= Quintet for clarinet and strings (Gordon) =

Quintet for Clarinet and Strings is a chamber work in four movements, for B♭ clarinet and string quartet, by American composer Geoffrey Gordon (1968).

Commissioned by The American Music Project, for the JACK Quartet and New York Philharmonic principal clarinet, Anthony McGill, Geoffrey Gordon's Quintet for Clarinet and Strings was premiered at Roulette in New York City, 20 November 2015, and at Ganz Memorial Hall in Chicago on 6 March 2016. This was the second commission from the American Music Project, and at more than 30 minutes in length, in four movements, represents a significant addition to the contemporary clarinet quintet repertoire.

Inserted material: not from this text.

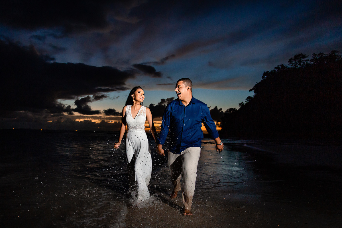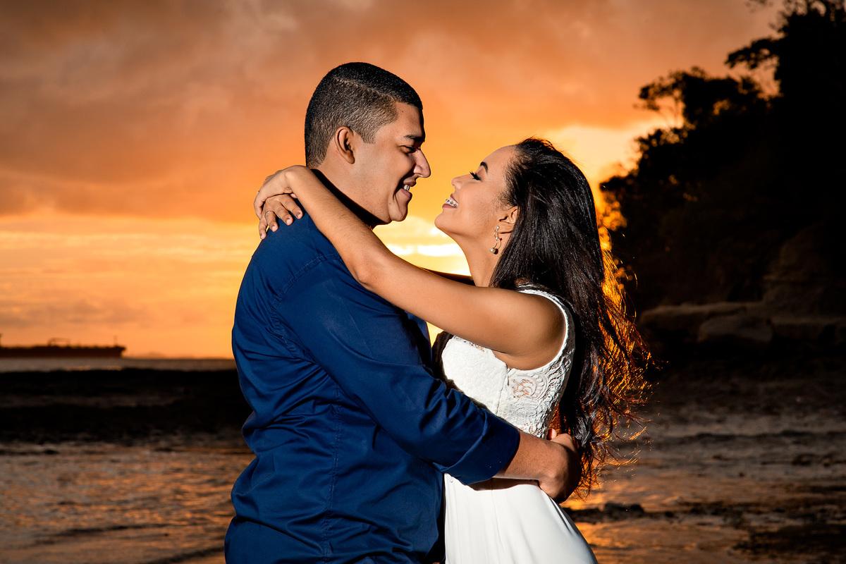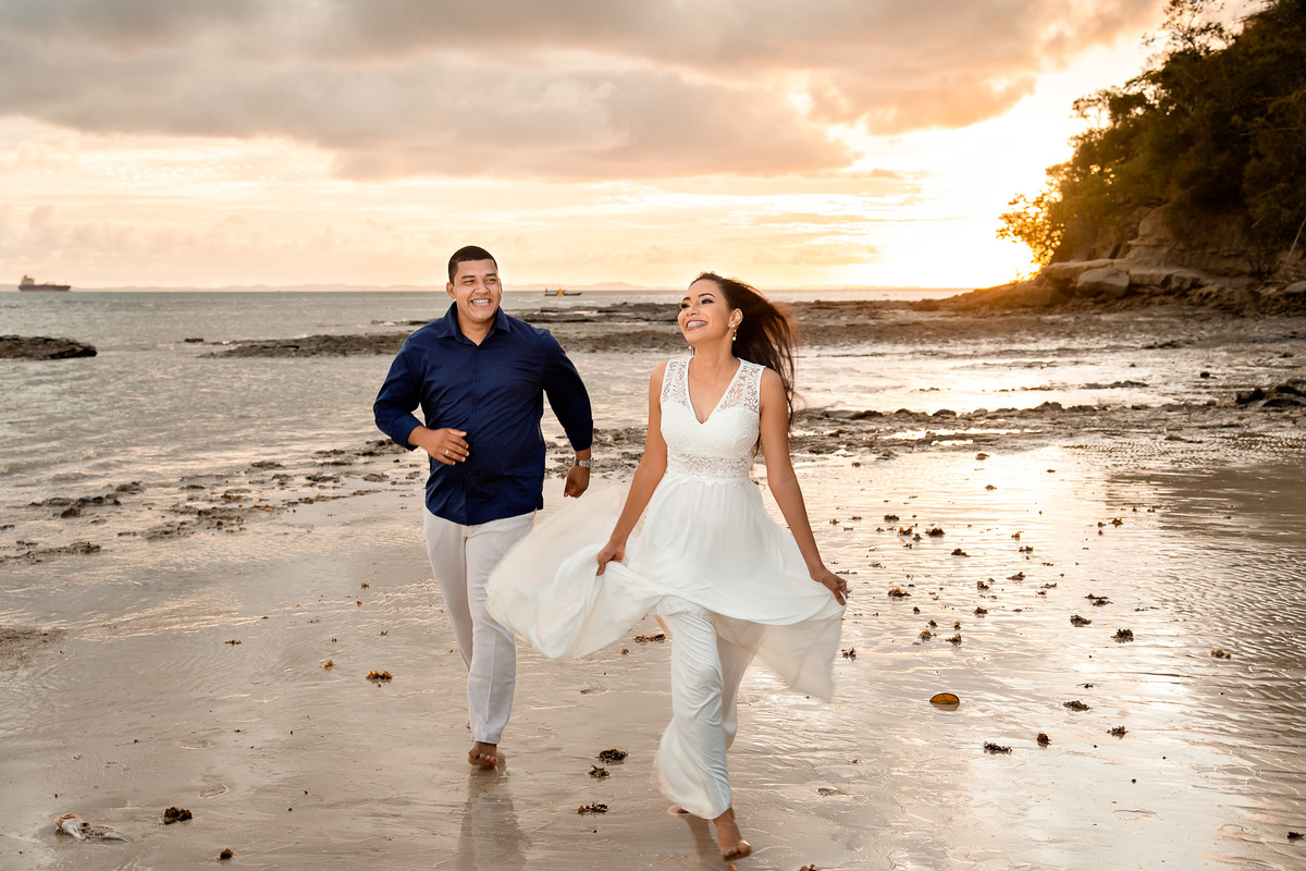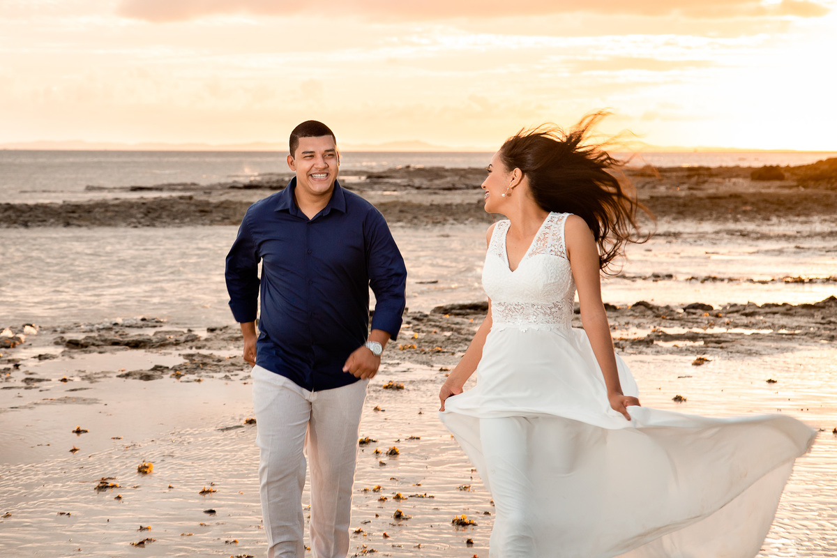 Descubra a magia de um ensaio pré-wedding inesquecível na Praia de Inema, Salvador. Olha só como o ramantismo desse casal deixou o nosso trabalho fácil pra capturar o amor que estava transbordando em olhares e sorrisos contra o pano de fundo do pôr do sol baiano!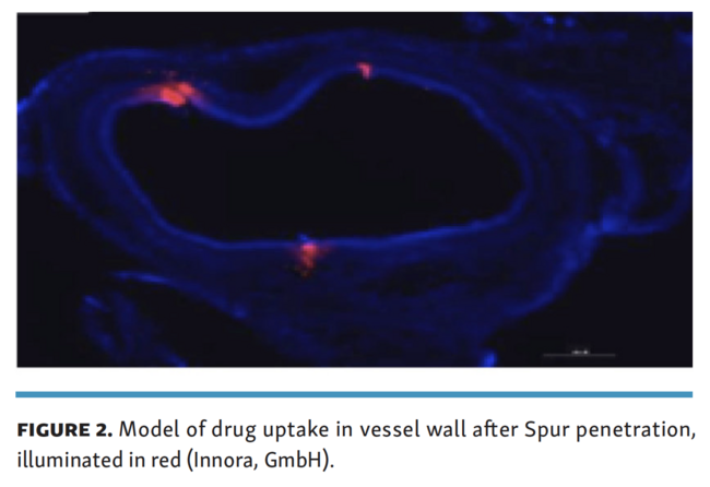After deployment, the temporary stent is further dilated with a balloon, creating small channels in the vessel wall. These channels may alter the vessel wall to allow for greater uptake of antiproliferative drug, into the media, delivered via DCB (Figure 2). Stent scaffolding adds temporary structural support during balloon expansion, which is intended to reduce vessel recoil. The combination of these effects is intended to address 2 primary barriers to vessel patency in the infrapopliteal artery, ie, the immediate effect of vessel recoil and the longer-term effects of poor penetration of antiproliferative drug.

The New York Times, in a review of the premiere, called the work "darkly seductive" and "a colorful and atmospheric journey". Music critic Corinna da Fonseca-Wollheim provided the following analysis: "Across four movements, the interaction between clarinet and strings changes, with moments of bright commonality and others in which the warm, musky clarinet tone contrasts with the sharper and glossier one of the string quartet. In the third movement, small cells of players break away for a series of arresting duos and a trio that chart different interpersonal dynamics. The work ends softly on a languid low clarinet trill, which Mr. McGill played so quietly that the final notes were not so much heard as felt as gently pulsating airwaves."